Note that for the examples here, the multi sliding does not improve upon the number of shared variables.

Infrastructure

trait Sliding extends Dsl {
  def infix_sliding[T:Typ](n: Rep[Int], f: Rep[Int] => Rep[T]): Rep[Array[T]] = {
    val a = NewArray[T](n)
    sliding(0,n)(i => a(i) = f(i))
    a
  }
  def infix_sliding(r: Rep[Range]) = new {
    def foreach(f: Rep[Int] => Rep[Unit]): Rep[Unit] =
      sliding(r.start, r.end)(f)
  }
  def sliding(start: Rep[Int], end: Rep[Int])(f: Rep[Int] => Rep[Unit]): Rep[Unit]
}

No Sliding (Baseline)

Not actually sliding – just to have a baseline reference.

trait NoSlidingExp extends DslExp with Sliding {
  def sliding(start: Rep[Int], end: Rep[Int])(f: Rep[Int] => Rep[Unit]): Rep[Unit] = {
    (start until end) foreach f
  }
}

Sliding

trait SlidingExp extends DslExp with Sliding {

We use a LMS transformer to evaluate the loop body across various iterations and transformations.

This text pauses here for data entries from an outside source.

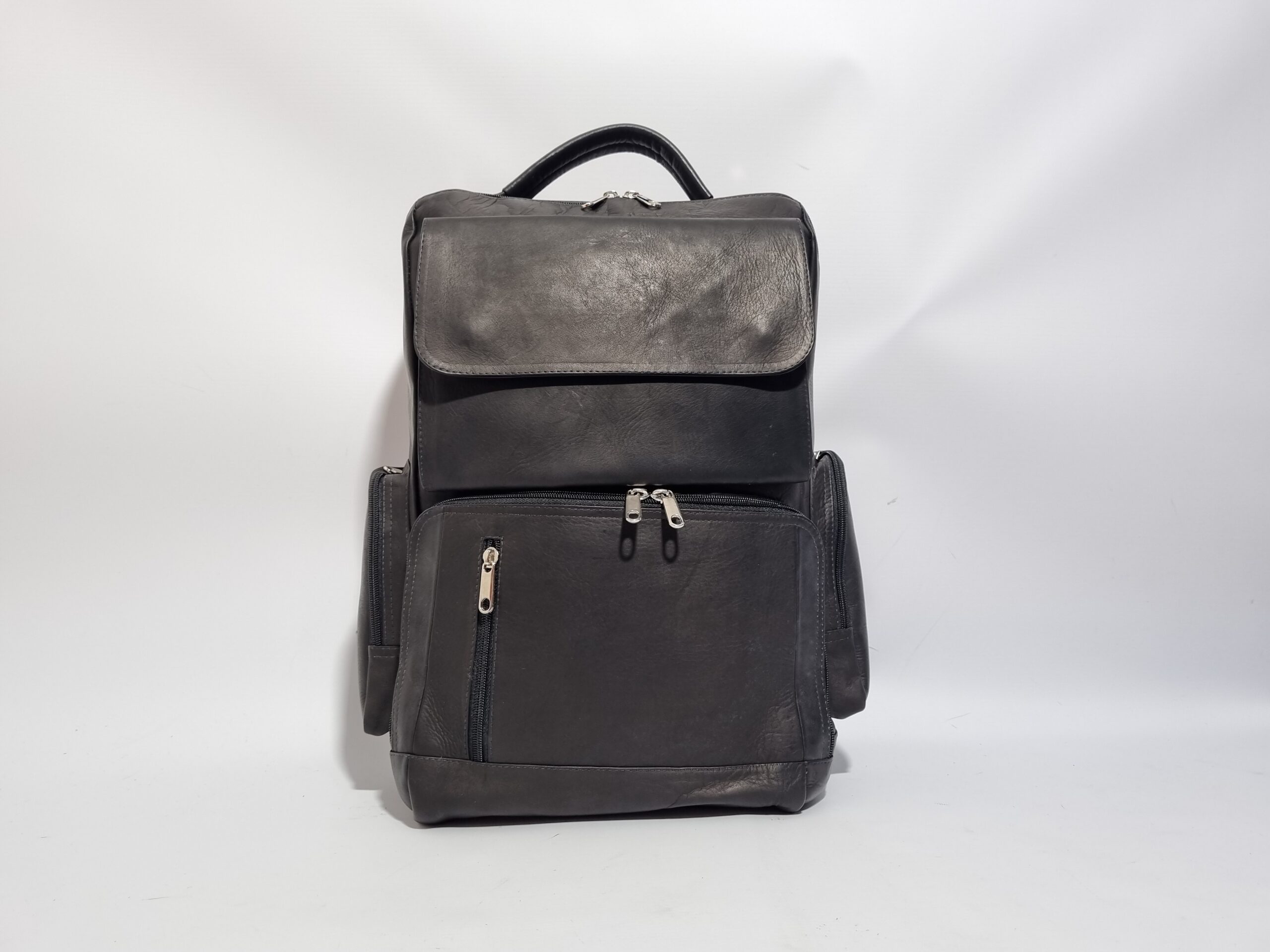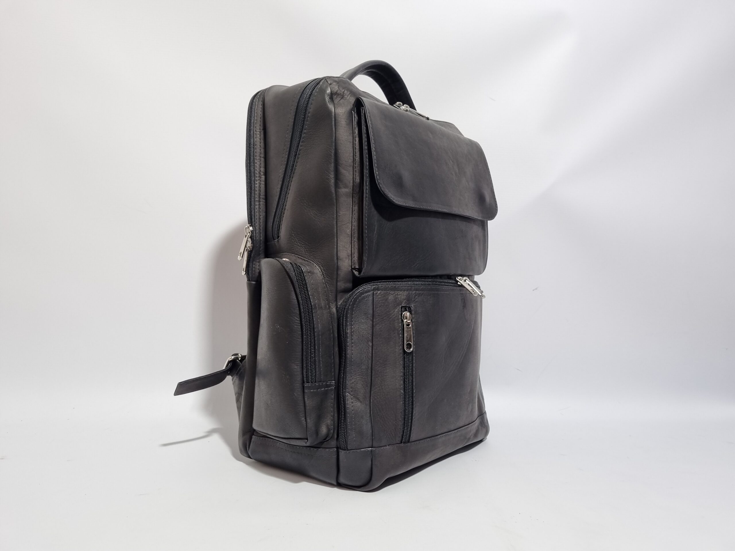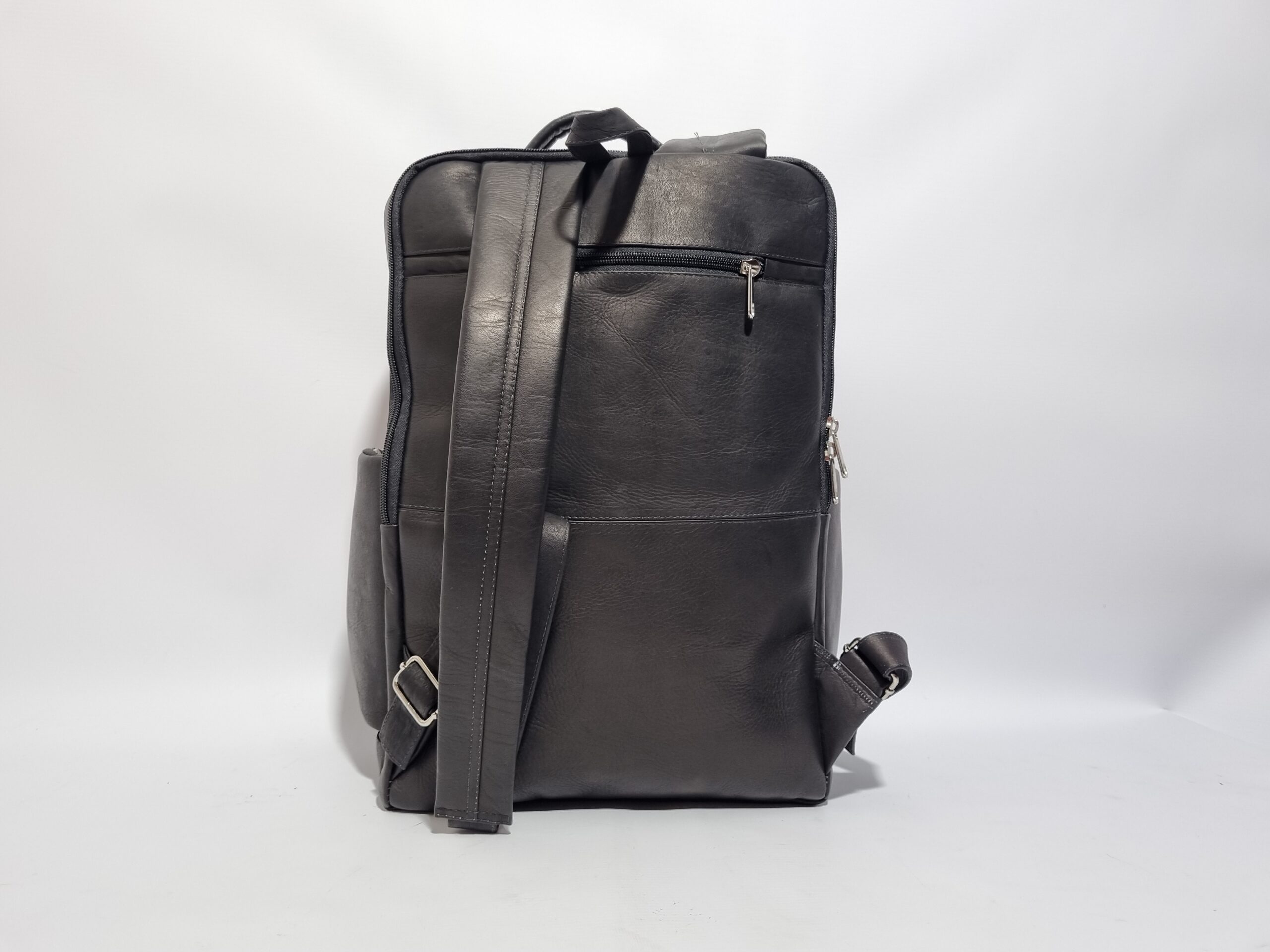 Maleta en cuero color negra con ocho bolsillos con cremallera de seguridad, división externa para portátil y cargaderas regulables. Decoración en hilo fino y excelente tamaño.
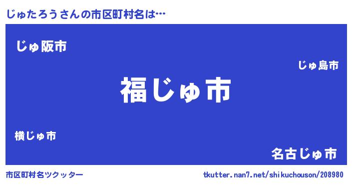 | 男性向けラノベタイトル風あだ名 | 『じゅたろう~年齢イコール彼女いない歴の魔法使い~』 |
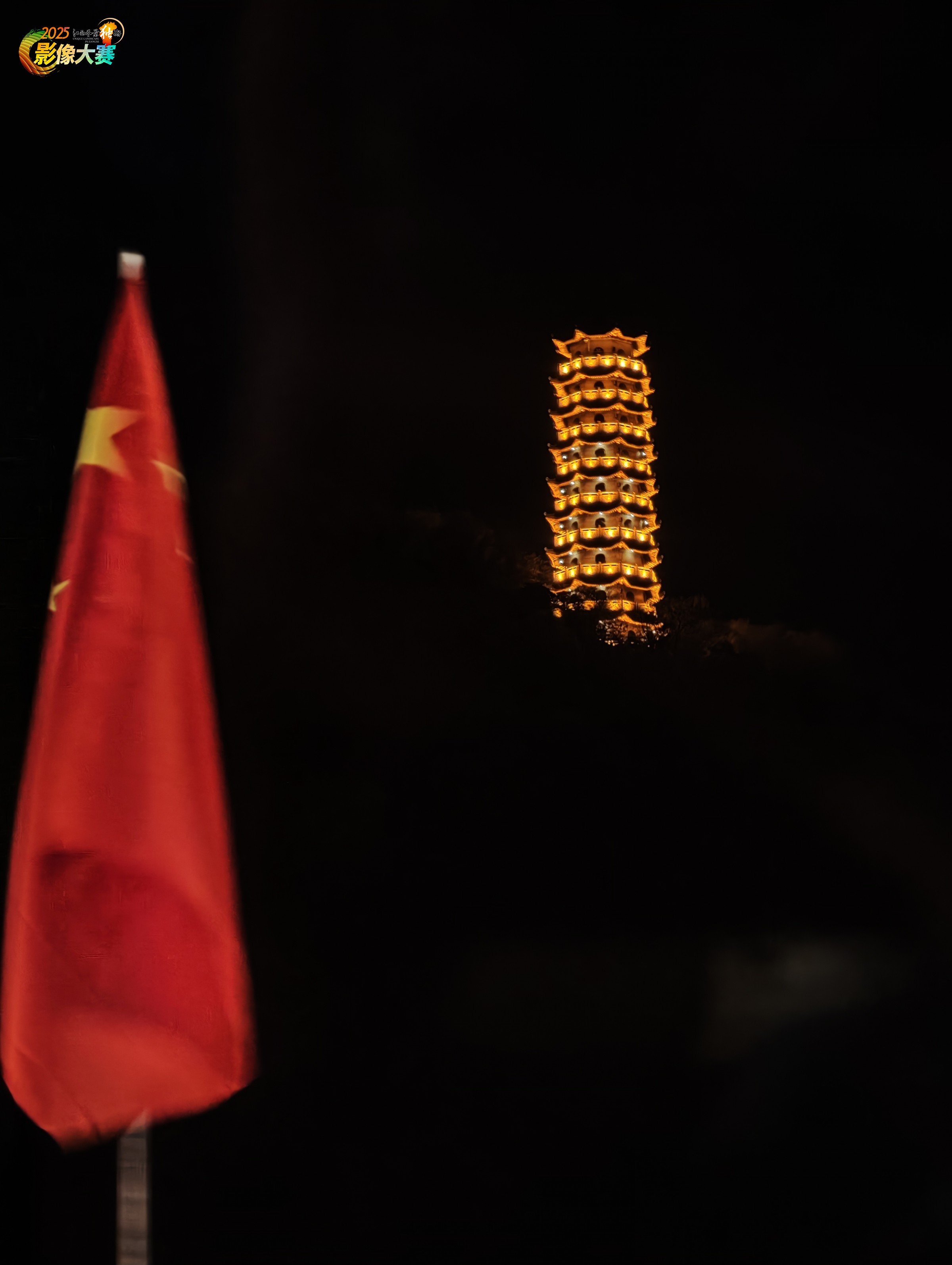 远方塔里的光,近处是鲜艳的国旗,永不褪色的是我们的记忆,在黑暗处闪闪发光
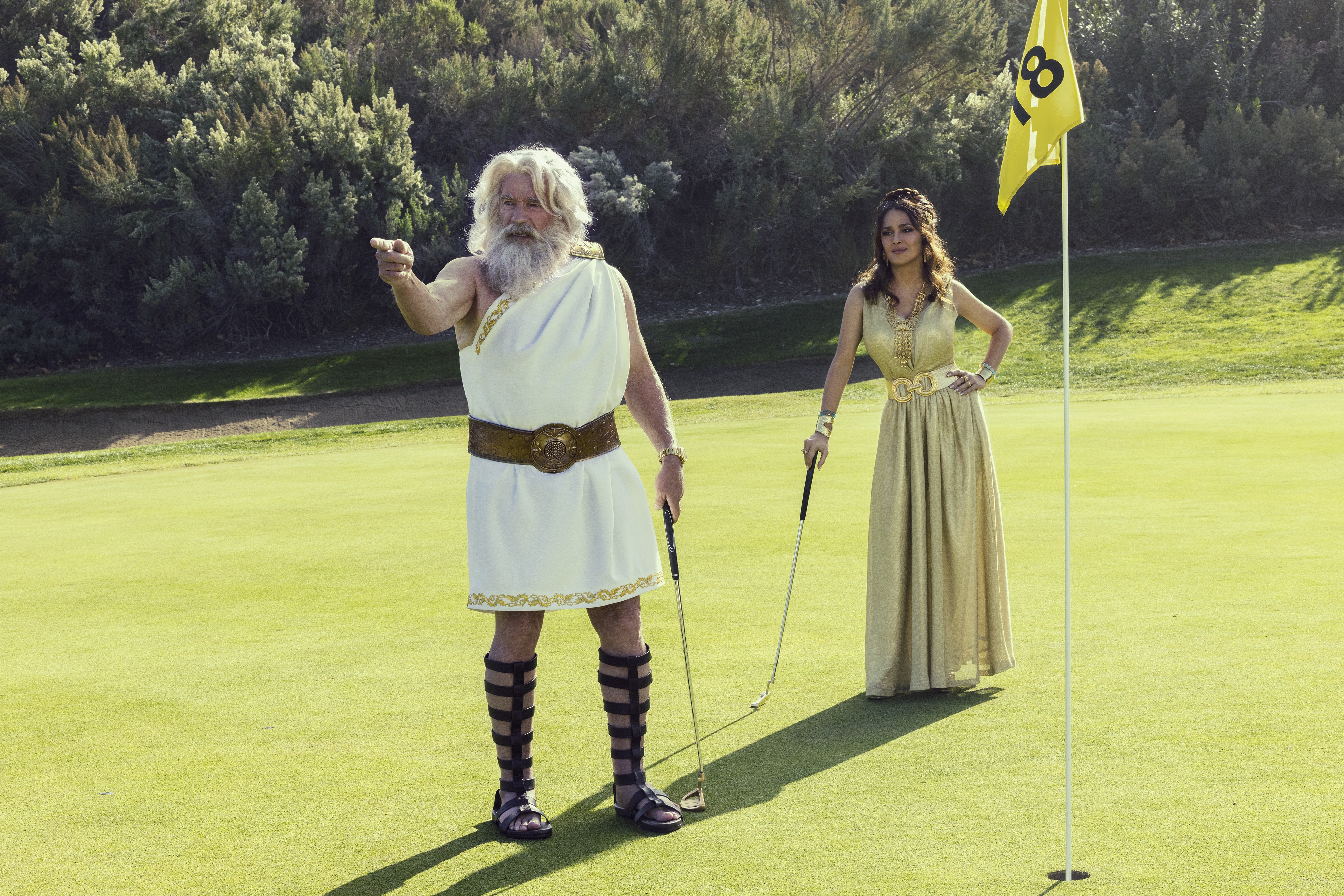Arnold Schwarzenegger and Salma Hayek Pinault star as the Greek gods Zeus and Hera in a new BMW Super Bowl advertisement that will air during the game on Sunday, February 13, 2022. The new creative will support the launch of the all-new fully electric BMW iX Sports Activity Vehicle which arrives in the U.S. next month.
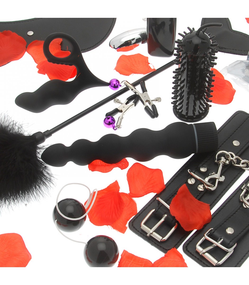 В комплект входит рукав для полового члена, стимулятор простаты, вибрирующее кольцо для члена, вагинальные шарики, вибратор, наручники, вибрирующее яйцо, зажимы для сосков, маска, щекотливое перо и искусственные лепестки роз. С таким широким ассортиментом игрушек и аксессуаров в вашем распоряжении вы сможете экспериментировать с различными ощущениями и найти то, что лучше всего подходит для вас.

  object trans extends ForwardTransformer {
    val IR: SlidingExp.this.type = SlidingExp.this
  }
  def log(x: Any): Unit = {
    System.out.println("sliding log: "+x)
  }

Some arithmetic rewrites to maximize sliding sharing.

  override def int_plus(lhs: Exp[Int], rhs: Exp[Int])(implicit pos: SourceContext): Exp[Int] =
    ((lhs,rhs) match {
      // (x+y)+z --> x+(y+z)
      case (Def(IntPlus(x:Exp[Int],Const(y:Int))), Const(z:Int)) => int_plus(x, unit(y+z))
      // (x-y)+z --> x-(y-z)
      case (Def(IntMinus(x:Exp[Int],Const(y:Int))), Const(z:Int)) => int_minus(x, unit(y-z))
      case (x: Exp[Int], Const(z:Int)) if z < 0 => int_minus(x, unit(-z))
      case _ => super.int_plus(lhs,rhs)
    }).asInstanceOf[Exp[Int]]

  override def int_minus(lhs: Exp[Int], rhs: Exp[Int])(implicit pos: SourceContext): Exp[Int] =
    ((lhs,rhs) match {
      // (x-y)-z --> x-(y+z)
      case (Def(IntMinus(x:Exp[Int],Const(y:Int))), Const(z:Int)) => int_minus(x, unit(y+z))
      // (x+y)-z --> x+(y-z)
      case (Def(IntPlus(x:Exp[Int],Const(y:Int))), Const(z:Int)) => int_plus(x, unit(y-z))
      case (x: Exp[Int], Const(z:Int)) if z < 0 => int_plus(x, unit(-z))
      case _ => super.int_minus(lhs,rhs)
    }).asInstanceOf[Exp[Int]]

  type Subst = scala.collection.immutable.Map[Exp[Any],Exp[Any]]
  type Doublet = (Rep[Unit], List[Stm])
  type Triplet = (Rep[Unit], List[Stm], Subst)

Find the overlapping symbols: defined by f(i), used by f(i+1), f(i+2), … We create a helper function so that we can generalize to a fixpoint calculation in the subclass below.

  def findOverlap(i: Sym[Int], f: Rep[Int] => Rep[Unit]): (List[Sym[Any]], Doublet, Triplet) = {

We evaluate loop contents f(i), then f(i+1), then f(i+2). For evaluation, we use the reified sub graph for f(i), but we substitute i for i+1 or i+2. Each time, we reflect the statements from the previous iteration.

    val save = context
    // evaluate loop contents f(i)
    val (r0,stms0) = reifySubGraph(f(i))
    val (((r1,stms1,subst1),(r2,stms2,subst2)), _) = reifySubGraph {
      reflectSubGraph(stms0)
      context = save
      // evaluate loop contents f(i+1)
      val ((r1,subst1),stms1) = reifySubGraph(trans.withSubstScope(i -> (i+1)) {
        stms0.foreach(s=>trans.traverseStm(s))
        (trans(r0), trans.subst)
      })
      val ((r2,stms2,subst2), _) = reifySubGraph {
        reflectSubGraph(stms1)
        context = save
        // evaluate loop contents f(i+2)
        val ((r2,subst2),stms2) = reifySubGraph(trans.withSubstScope(i -> (i+2)) {
          stms0.foreach(s=>trans.traverseStm(s))
          (trans(r0), trans.subst)
        })
        (r2,stms2,subst2)
      }
      ((r1,stms1,subst1), (r2,stms2,subst2))
    }
    context = save

    val defs = stms0.flatMap(_.lhs)

Here, we find the overlap symbols: defined by f(i), used by f(i+1) and f(i+2).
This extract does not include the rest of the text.